These are exactly SES values but for phylogenetic diversity. The name comes from [Z-scoring variables](https://en.wikipedia.org/wiki/Standard_score)?

* **Q26**: How does the standardized value relates to taxa richness?

```{r q26}
cor.test(ses_mpd_999$ntaxa, ses_mpd_999$mpd.obs.z)
```

**Answer**: They show no relationship. Which clearly shows that the null models **corrected** for the richness effect compared to the observed values.

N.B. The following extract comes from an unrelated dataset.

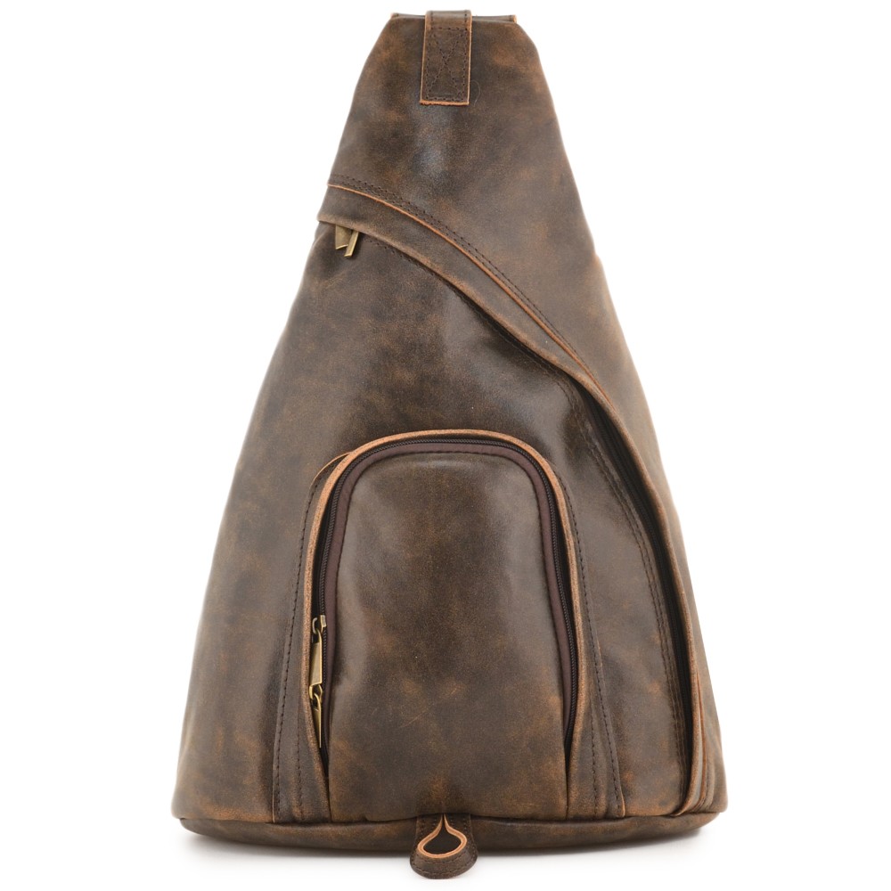 Кожаный рюкзак "Фобос" - стильный диагональный рюкзак на одну плечевую лямку.

* **Q27**: What are the relationships between MPD values considering null models and forest loss? Visualize the relationships with the `plot()` function, validate your observations with the `cor.test()` function.

```{r q27, options}
par(mfrow = c(1, 1))

ses_mpd_999_env = merge(ses_mpd_999, plot_data[, c("plot.code", "forestloss17")],
                        by = "plot.code")

plot(ses_mpd_999_env$forestloss17, ses_mpd_999_env$mpd.obs.z)

cor.test(ses_mpd_999_env$forestloss17, ses_mpd_999_env$mpd.obs.z)
```

**Anwser**: There is still no clear relationship.

# Comparing facets (**Q28**)

* **Q28**: How are related are observed values of functional diversity and phylogenetic diversity? What about the SESs?

**Answer**: Observed MPD is correlated with observed Q and observed FRic, and with richness. All these correlations disappear with the SES values. (This the effect of null modeling to account for the relationships with species richness).

# Modelling the effect of logging (**Q29**-**Q31**)

## Single-predictor models (**Q29**-**Q30**)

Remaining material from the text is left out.